SIEMBRAN SOJA TAMBIÉN EN LA PATAGONIA
Quien haya ido en auto a Bariloche, seguramente nunca pensó, al pasar por El Chocón, que en esa geografía patagónica podía sembrarse soja. Pero lo impensado sucedió. El 20 de noviembre pasado, un grupo de empresas implantó el primer lote sojero en la Patagonia.
Se trata de 18 hectáreas que se encuentran bajo riego, con un sistema de pivote. El campo está en la localidad de Arroyito, a 35 kilómetros de El Chocón, en la provincia de Neuquén.
Justamente, en Arroyito, el Gobierno neuquino está desarrollando, junto a una consultora vinculada a la Universidad Ben Gurión, de Israel, un plan maestro con la probada tecnología de riego israelí en zonas áridas.
Aunque para muchos parecerá una locura, los impulsores del proyecto sojero están convencidos de que no lo es. Dicen que allí hay condiciones similares a las del norte de EE.UU., donde la soja funciona perfectamente.
Julio Ferrarotti, del semillero rosarino Relmó, es uno de los entusiastas y gestor del proyecto, al que se sumaron otras conocidas empresas del sector, como Basf, Rizobacter, Cestari, Plá, Claas y Allochis. Cada una aportará sus productos y servicios.
Este año sembraron allí dos variedades de soja que pertenecen a los denominados Grupo II y Grupo III, que habitualmente se implantan en las regiones más al sur de la geografía argentina.
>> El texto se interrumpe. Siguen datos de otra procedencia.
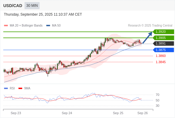 在 1.3875 之上,看涨,目标价位为 1.3905 ,然后为 1.3920 。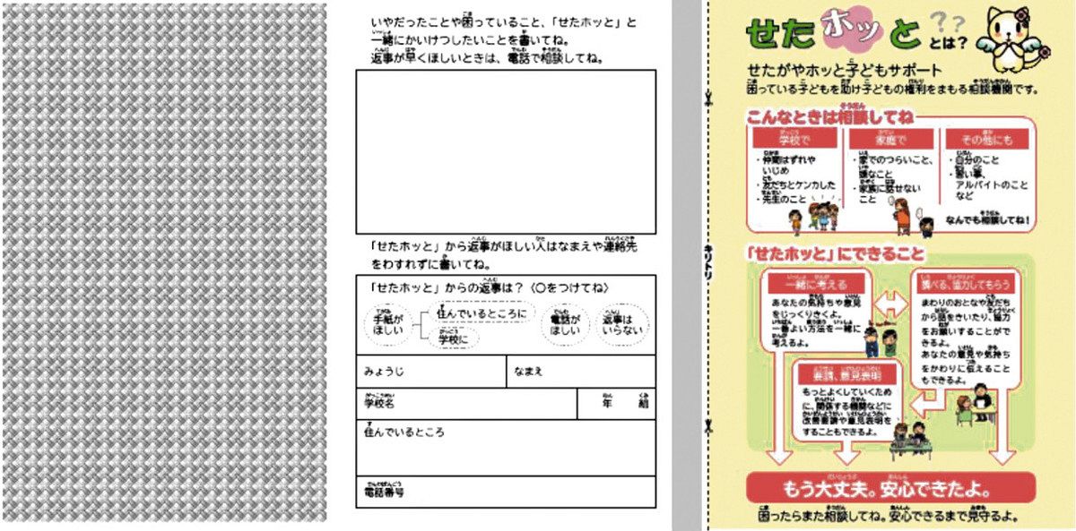 小学校低学年の利用率が高い「せたホッと」の専用はがき。裏面に悩みを書き、折って見えないようにして送る(いずれも世田谷区提供)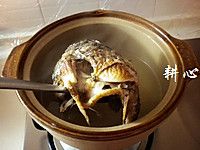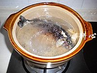 将炒锅中的鲫鱼和汤汁倒入砂锅中。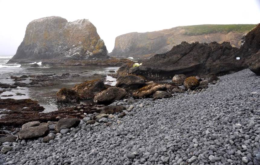 has produced a spectacular cobble beach at Yaquina Head. Finer sediments have been winnowed away, and
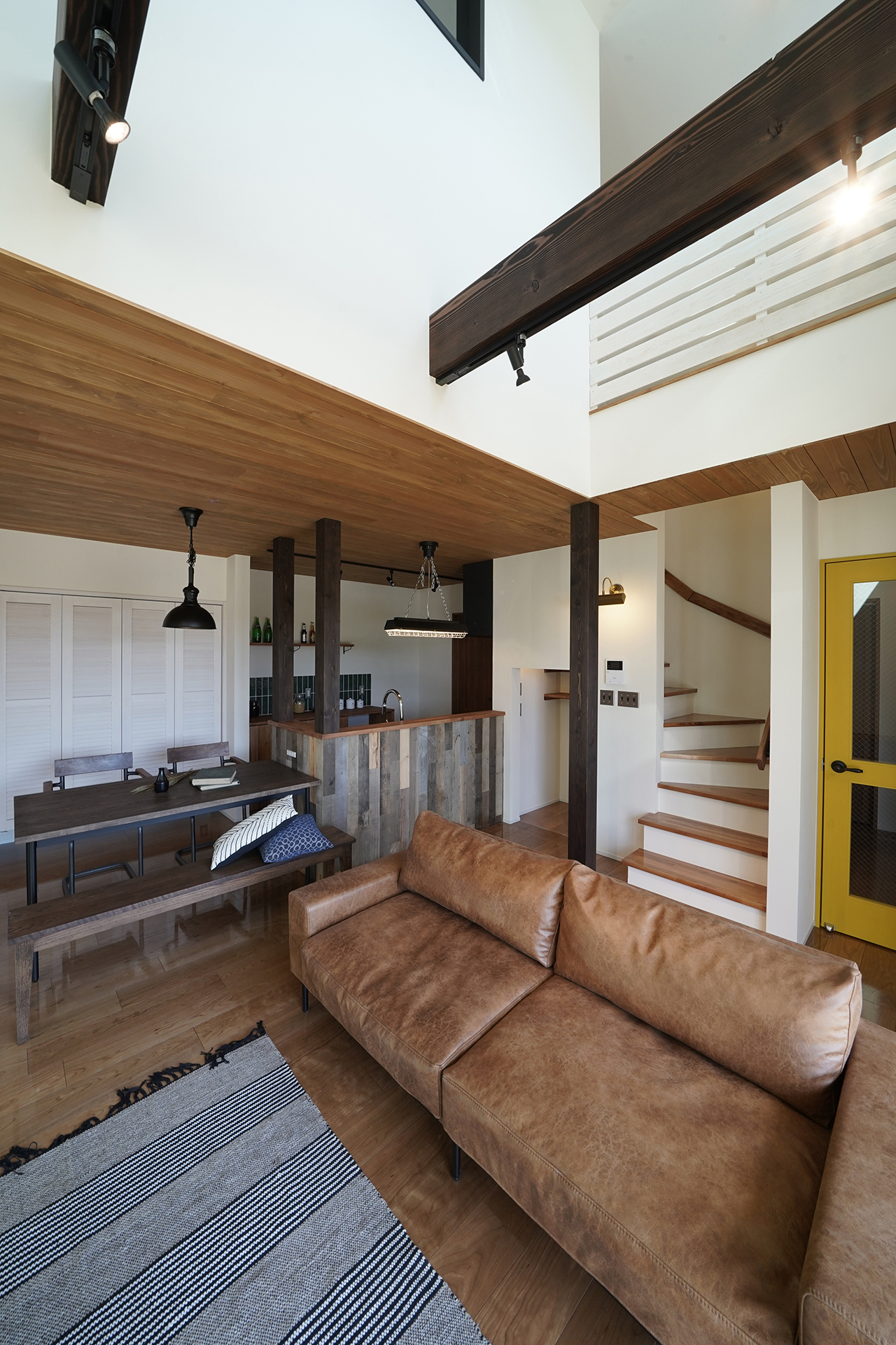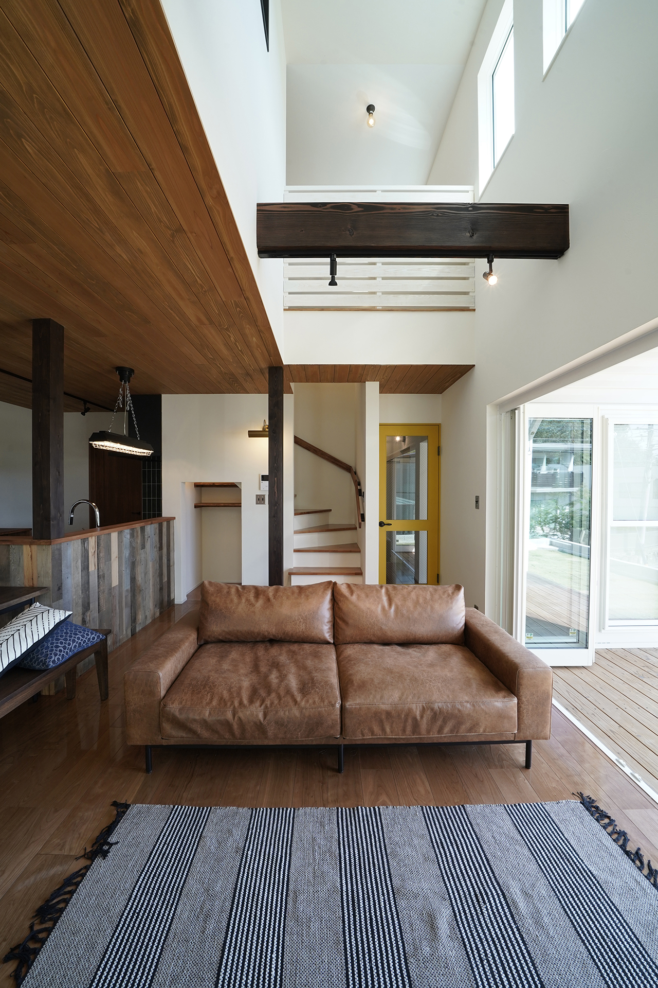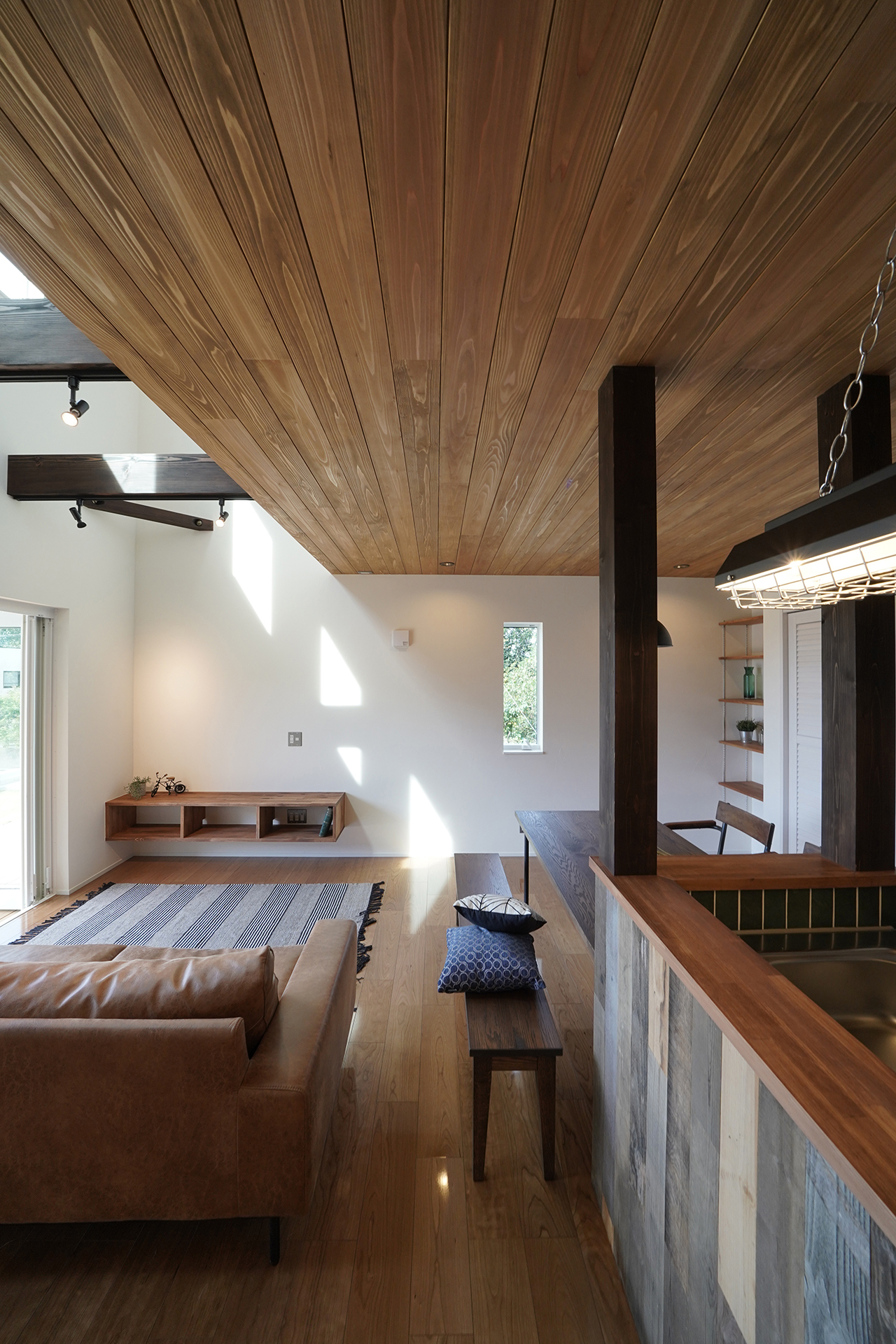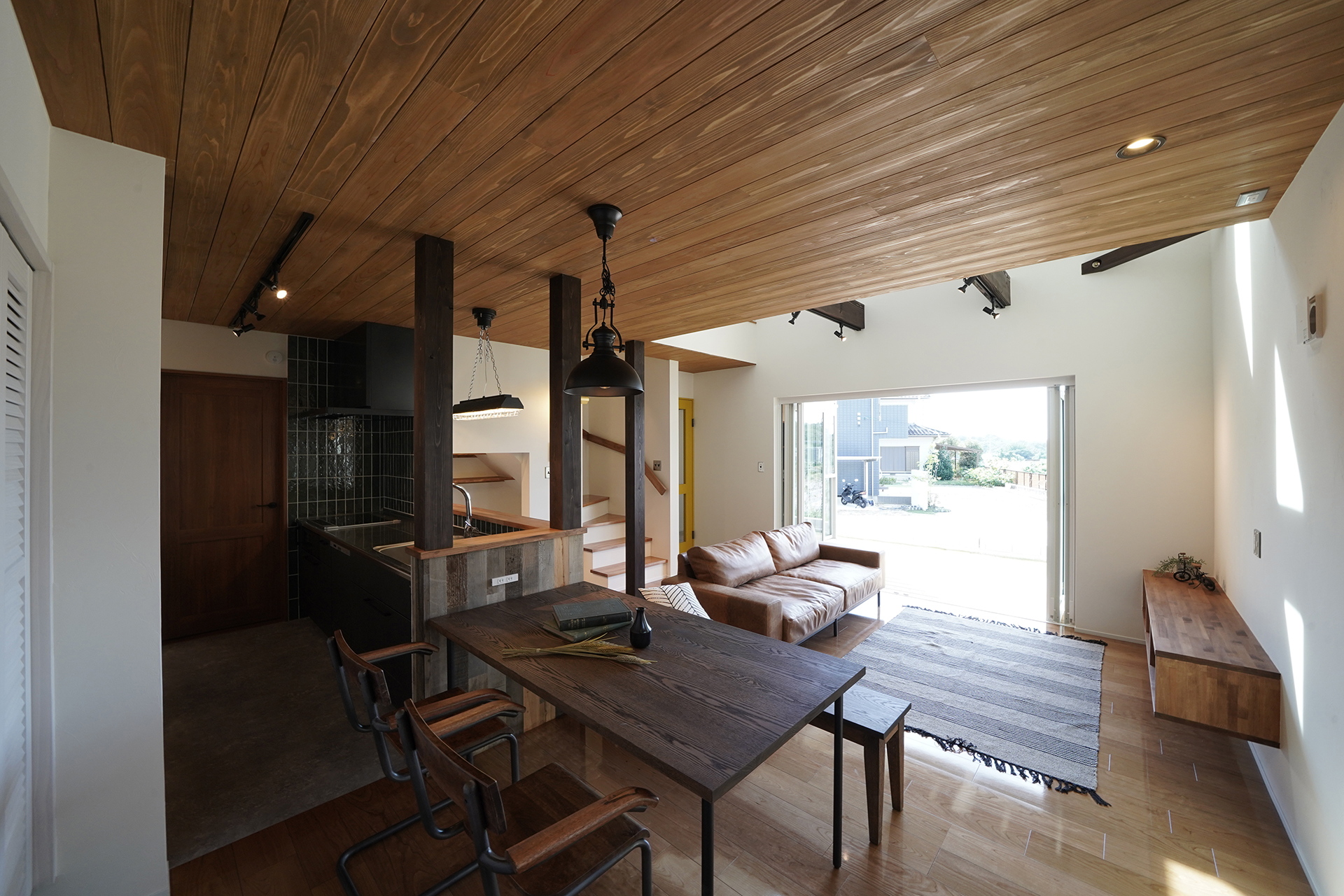 天井は針葉樹合板と梁表で木の部分を見せることで海外風の雰囲気に。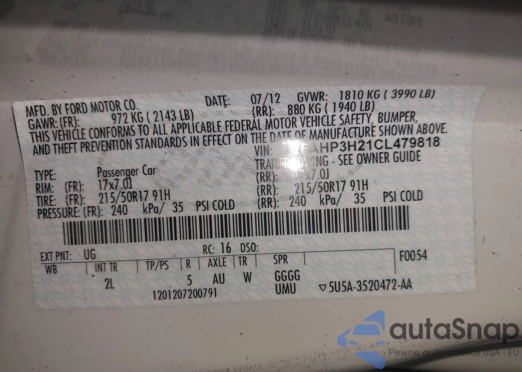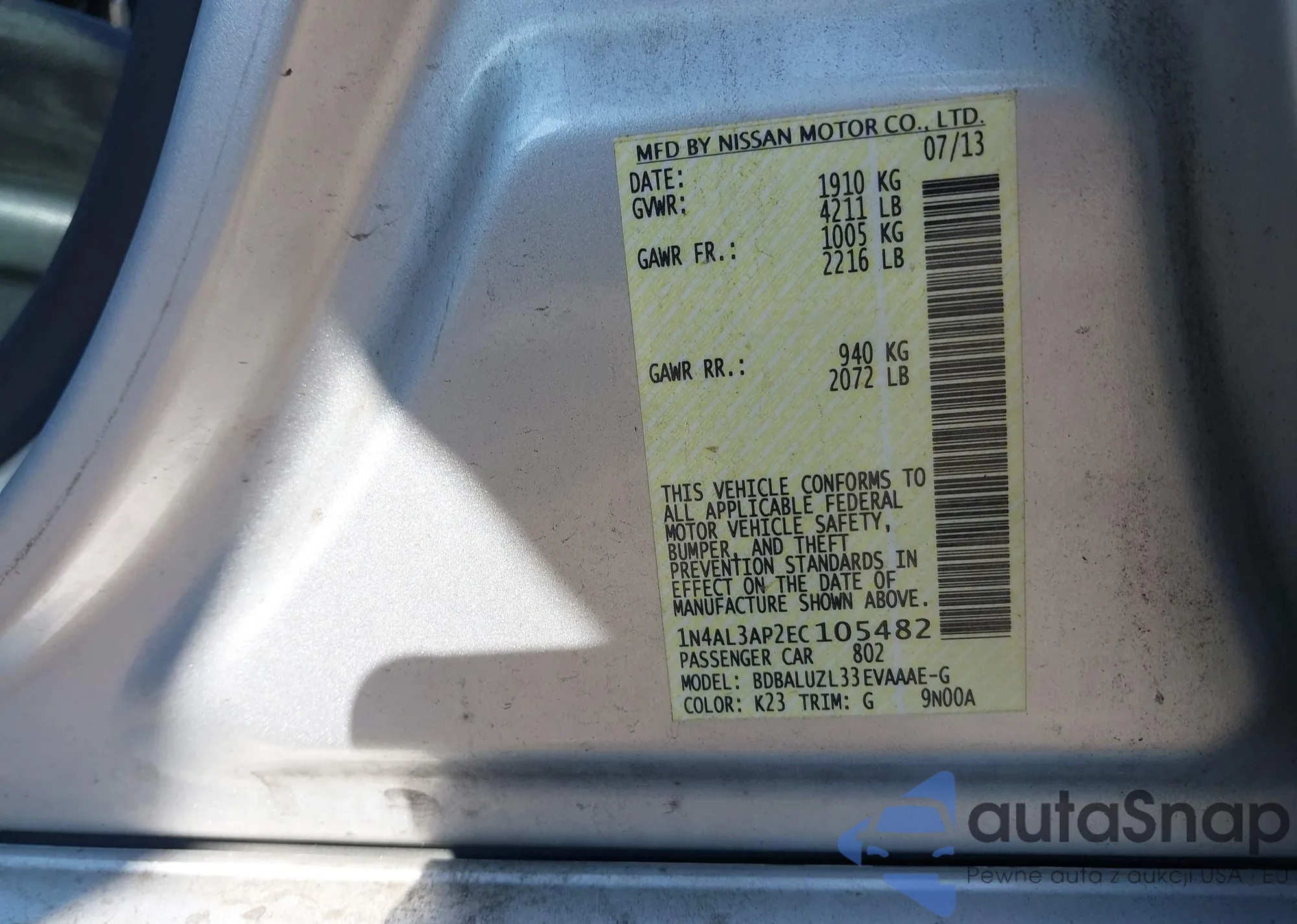 LOT: 42793157 VIN: 1N4AL21E57C195500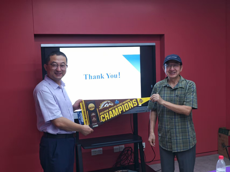 现场举行了赠旗仪式:王晓钧教授代表西密歇根大学,向beats365唯一官网入口官网赠予该校冰球赛事冠军纪念旗帜。这面承载着荣耀与温度的旗帜,寄托着中美文化交流的美好愿景,象征着跨越太平洋的情谊在文明对话中持续生长。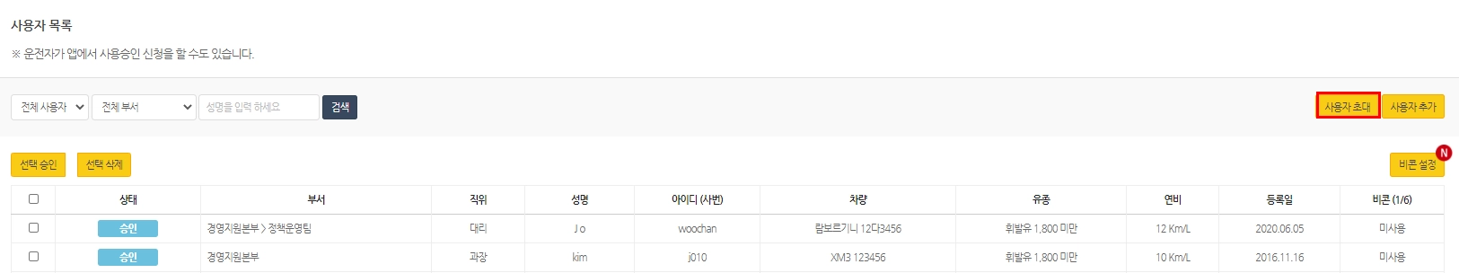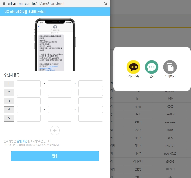 ①관리자페이지 사용자관리→사용자 초대→ 초대메시지 발송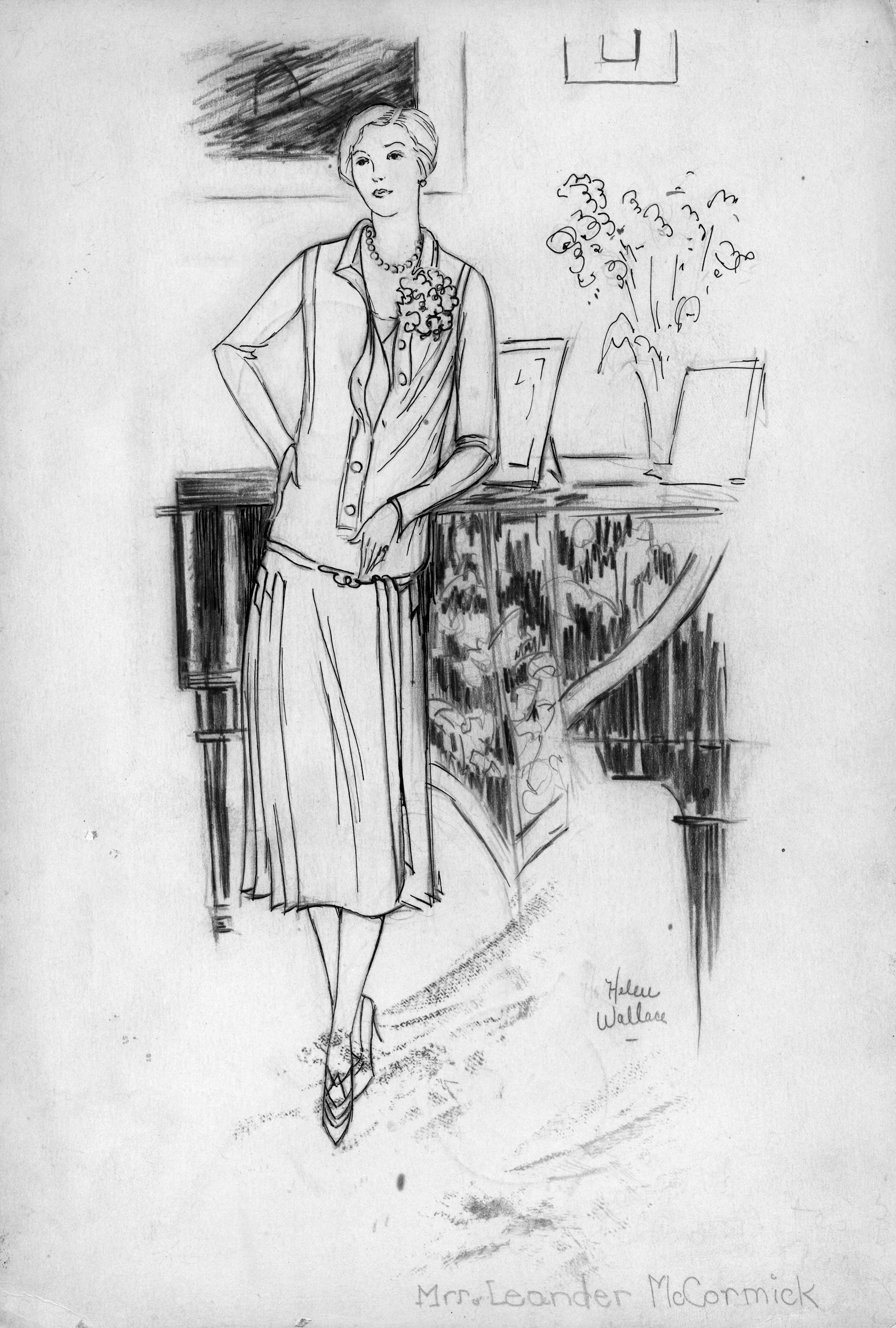 Pencil and drawing of a woman identified as Mrs. Leander McCormick, leaning against a piano. There were several generations of Leander McCormicks involved with International Harvester. The most likely, age wise, was Leander Julius (1882-1946), but no information was found about a spouse in his Find-a-Grave listing. However, the Oct. 8, 1917 Chicago Tribune carried an engagement announcement for Leander J. McCormick and Alice Cudahy.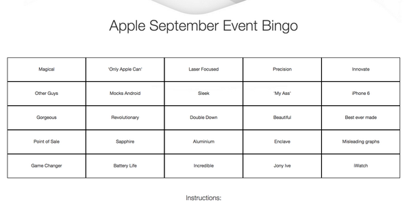 #AppleEvent Bingo! Shout if you get full house: http://owenwillia.ms/applebingo Created by@ow |#AppleLive#iPhone6pic.twitter.com/PR4kyims3W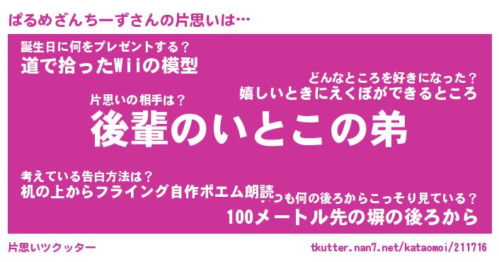 | ヘコむあだ名 | 『ぱるもー』『豆乳』『ぱるっ子』 |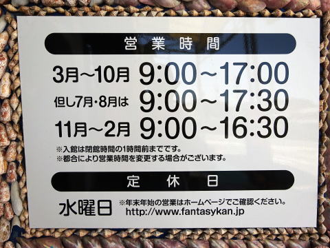 開館時間と定休日はこの通りです。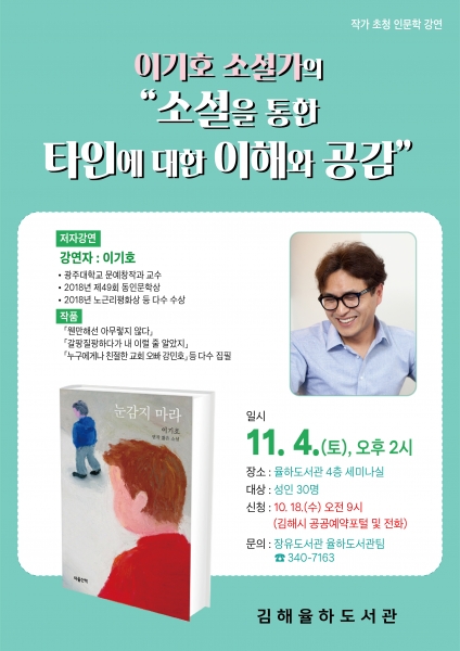 [금요저널] 김해율하도서관은 오는 11월 4일 오후2시 이기호 작가 강연, 11월 18일 오후 2시 최진영 작가 강연을 개최한다고 밝혔다.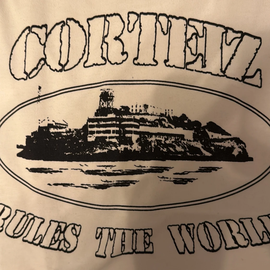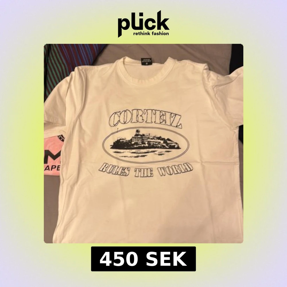 Säljer en vit t-shirt från Cortez med ett stort svart tryck på framsidan som säger 'Cortez Rules The World'. T-shirten har en klassisk rund hals och korta ärmar. Perfekt för en avslappnad stil.

Los impulsores de la idea están convencidos de su potencialidad. Afirman que ya tienen 5 años de ensayos y que el año próximo multiplicarán la apuesta, ya que sembrarán 200 hectáreas allí.
Las evaluaciones que hicieron, y teniendo en cuenta que no tendrán problemas de agua (por el riego), les permite pensar en obtener rindes similares a los de la Pampa Húmeda. Ferrarotti sostiene que una expectativa lógica está en torno a los 2.500 o 3.000 kilos de soja por hectárea.
Esa cifra está en línea con el promedio nacional, que se ubica cerca de los 2.700 kilos por hectárea, aunque en los campos de punta se obtienen picos más altos, que las empresas que ahora se aventuran a la Patagonia no descartan alcanzar.
Si todo sale como está previsto, la cosecha se hará en marzo y luego, en invierno, se lanzarán a sembrar trigo, como se hace en esa época en el resto del país.
Los impulsores del proyecto sostienen que los estudios agroecológicos que llevaron a cabo demostraron que las condiciones del norte de la Patagonia son similares también a muchas de Israel y California, donde los cultivos bajo riego tienen un fuerte desarrollo, a partir de la incorporación de tecnología.
Se entusiasman, además, pensando en que la zona está bien posicionada en cuanto a los fletes, un rubro que impacta muy fuerte en los costos de los productores agropecuarios.
En este caso, no están tan lejos del puerto de Bahía Blanca, importante para la producción granaria. Al menos, están más cerca que buena parte del noroeste de Rosario, la salida que esa zona tiene más a mano.